On September 8, 1914, Christabel re-appeared at the London Opera House, after her long exile, to utter a declaration, not on women's enfranchisement, but on "The German Peril." Ms. Pankhurst toured the country, making recruiting speeches. Her supporters handed the white feather to every young man they encountered wearing civilian dress, and bobbed up at Hyde Park meetings with placards: "Intern Them All." The Suffragette appeared again on April 16, 1915, as a war paper, and on October 15th changed its name to Britannia. There week by week Christabel demanded the military conscription of men, and the industrial conscription of women, "national service" as it was termed. In flamboyant terms she called also for the internment of all people of enemy race, men and women, young and old, found on these shores, and for a more complete and ruthless enforcement of the blockade of enemy and neutral nations. She insisted that this must be "a war of attrition." In her ferocious zeal for relentless prosecution of the War, she demanded the resignation of Sir Edward Grey, Lord Robert Cecil, General Sir William Robertson and Sir Eyre Crowe, whom she considered too mild and dilatory in method. So furious was her attack that, in its over-fervent support of the National War policy, Britannia was many times raided by the police, and experienced greater difficulty in appearing than had befallen The Suffragette. Indeed it was compelled at last to set up its own printing press. A gentler impulse was embodied in an early proposal of Mrs. Pankhurst to set up Women's Social and Political Union Homes for illegitimate girl "war babies," but only five children were adopted. Sterner interests prevailed. Lloyd George, whom Christabel had regarded as the most bitter and dangerous enemy of women, was now the one politician in whom she and Mrs. Pankhurst placed confidence.

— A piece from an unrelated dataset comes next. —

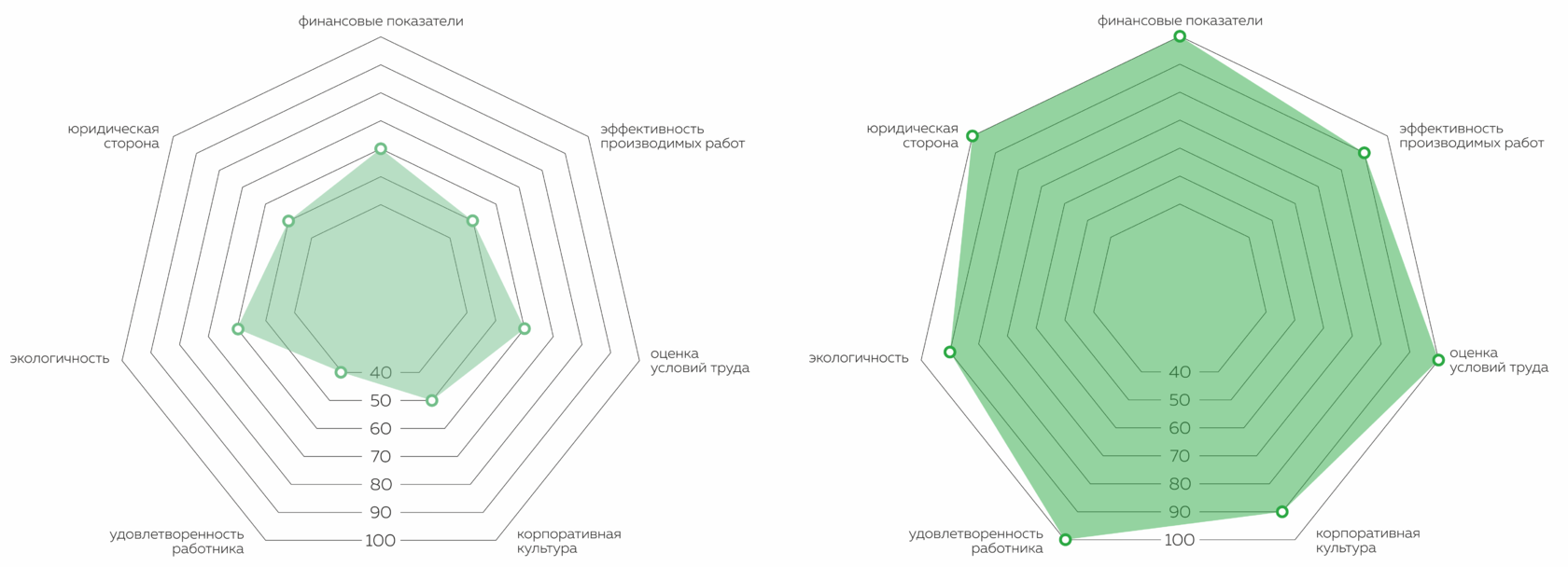 1. Финансовые показатели 2. Эффективность производимых работ 3. Оценка условий труда 4. Корпоративная культура 5. Удовлетворенность работника 6. Экологичность 7. Юридическая стороны (наличие судебных дел)

When the first Russian Revolution took place and Kerensky rose to power, Ms. Pankhurst – like many others – journeyed to Russia, in the vain effort to prevent that vast country with its starving multitudes from retiring from the War. Her circuit was like that of Hervé, the French "anti-patriot," as for many years he had called himself, and of whom she had been an ardent admirer in her youth. Christabel received the commendation of many war enthusiasts.

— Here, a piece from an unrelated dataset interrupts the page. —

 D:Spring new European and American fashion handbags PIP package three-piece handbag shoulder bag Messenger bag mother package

After some British women were granted the right to vote at the end of World War I, Christabel stood in the 1918 general election as a Women's Party candidate, in alliance with the Lloyd George/Conservative Coalition in the Smethwick constituency. She was narrowly defeated, losing by only 775 votes to the Labour Party candidate John Davison.

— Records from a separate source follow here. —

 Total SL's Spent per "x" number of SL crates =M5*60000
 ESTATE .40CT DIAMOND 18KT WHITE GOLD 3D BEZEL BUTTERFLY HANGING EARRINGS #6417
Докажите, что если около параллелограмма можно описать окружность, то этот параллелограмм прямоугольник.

Leaving her native England in 1921, she moved to the United States where she eventually became an evangelist with Plymouth Brethren links and became a prominent member of Second Adventist movement. Marshall, Morgan and Scott published her works on subjects related to her prophetic outlook, which took its character from John Nelson Darby's perspectives. Christabel lectured and wrote books on the Second Coming. Christabel returned to Britain in the 1930s. She was appointed a Dame Commander of the British Empire in 1936. At the start of the Second World War she again left for the USA where she lived until her death in Los Angeles, California in 1958 at the age of 77, and was buried in the Woodlawn Memorial Cemetery in Santa Monica, California.